◆ Goal of the exercise:
Transcribe the data in full and exactly, omitting any pictures.

◆ Data segment:
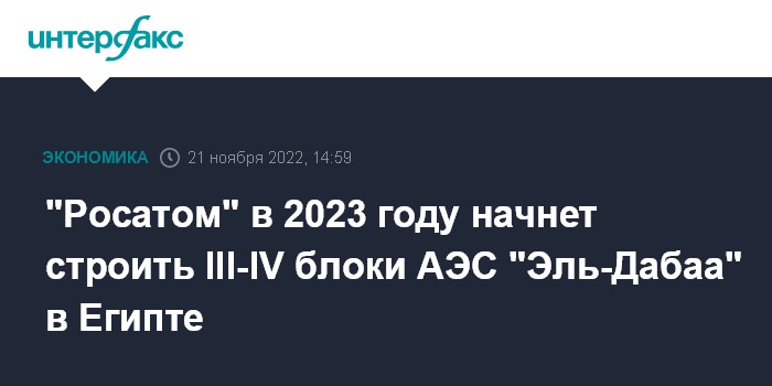 19 ноября "Росатом" начал строительство второго энергоблока АЭС "Эль-Дабаа" в Египте, состоялась церемония заливки первого бетона.
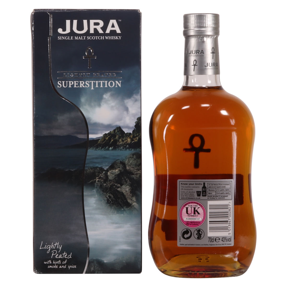 A lightly peated single malt made up of different ages. It is named after the fact that Islanders were very superstitious in the past, this is a nod to them, and to the Island of Jura which is still dotted with ancient stones and markings. When you raise a glass of this whisky, you're raising a glass to the ancient ways of the island.
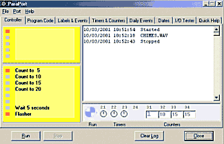 ParaPort is a Windows-based program to allow hardware access to the parallel ports, LPT1 and LPT2. It can read 5 inputs (switches etc) connected to the parallel port and send 8 outputs to set individual data lines on the port either high or low.

◆ Solution below:
 19 ноября "Росатом" начал строительство второго энергоблока АЭС "Эль-Дабаа" в Египте, состоялась церемония заливки первого бетона.
 A lightly peated single malt made up of different ages. It is named after the fact that Islanders were very superstitious in the past, this is a nod to them, and to the Island of Jura which is still dotted with ancient stones and markings. When you raise a glass of this whisky, you're raising a glass to the ancient ways of the island.
 ParaPort is a Windows-based program to allow hardware access to the parallel ports, LPT1 and LPT2. It can read 5 inputs (switches etc) connected to the parallel port and send 8 outputs to set individual data lines on the port either high or low.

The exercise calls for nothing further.